Michelle Williams was deeply drawn in by the emotional peaks and valleys that are inherent in the story. “I’m always keen to do something that I haven’t done before, and that I don’t quite know how to do,” she said. “It felt exciting to stretch for Isabel, and for that growth to be a little bit painful, because I wound up in new places each time.”
Williams was also so moved by the depth of Isabel’s loyalty to the children of the orphanage, that she told producer Harry Finkel she’d be willing to spend her own time working in a similar environment before shooting began.

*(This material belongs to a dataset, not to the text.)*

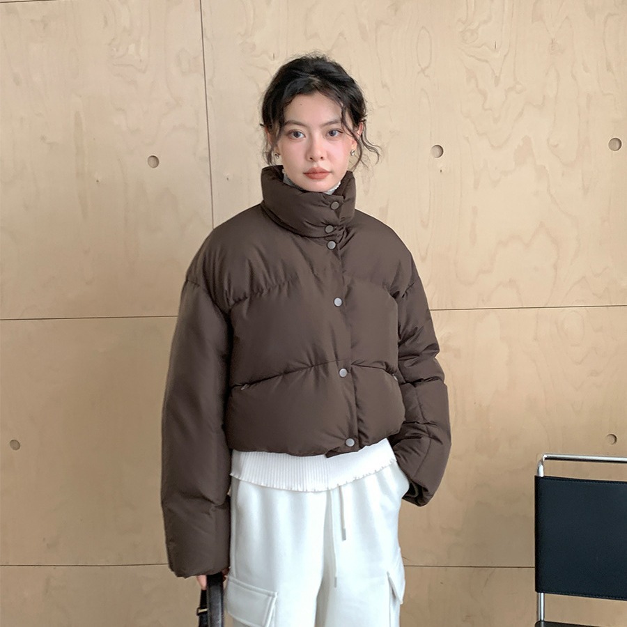 سترة شتوية من Love and Nancy بثلاثة خطوط 2023 على الطراز الكوري من Maillard وياقة واقفة ومبطنة قصيرة بنمط Ken Bean 24606

The notion of what makes a “good” father in the film loomed large for Crudup. He and Freundlich have often had long discussions about their roles as fathers. The film’s themes of what a parent wishes to pass on to their children, how they want protect them, and how they sometimes fail as parents, really resonated with both of them. Crudup acknowledged that exploring creatively what had so far been personal interactions between friends, felt natural during filming.
“It’s always incredibly gratifying to work with Bart,” said Crudup. “He has an intuitive understanding of how monumental things most often happen in small scale. Almost every conversation we had about Oscar was about me diminishing the extent to which I’m revealing his inner turmoil. And doing that the right way, is in no small part due to Bart’s knowledge of how he was going to chart that course.”
Moore was an early supporter of casting Abby Quinn as Grace. “She is marvelous,” enthused Moore. “And because I had been involved in this movie, as a partner to my husband, I saw all of the auditions. She stood out for me right away. She was completely effortless, and open and lovely to watch. I remember thinking, ‘Oh please, let it be her.'”
With an abbreviated schedule and very little time for the actors to rehearse prior to shooting, Quinn was concerned about effectively portraying Grace in the context of the character’s close familial relationships, but her fears were soon allayed.
“Right after meeting Julie and Bart I knew it would be okay,” laughed Quinn. “I spent several hours hanging out at their house. We talked about their kids and where they grew up. Just being with them and talking about our lives, gave me the chance to build a relationship with Julie, and understand what Bart wanted from the character, before we ever got in front of a camera.”
“What I found with Billy Crudup, Michelle Williams, Julianne Moore and Abby Quinn, is that these are actors who embraced the conflict and the contradiction,” Freundlich added. “They were ‘happy’ with the endless peeling back of the layers of what could be going on. They strove to uncover the subtleties of how much these people were aware their behavior, and how much of it was unconscious.”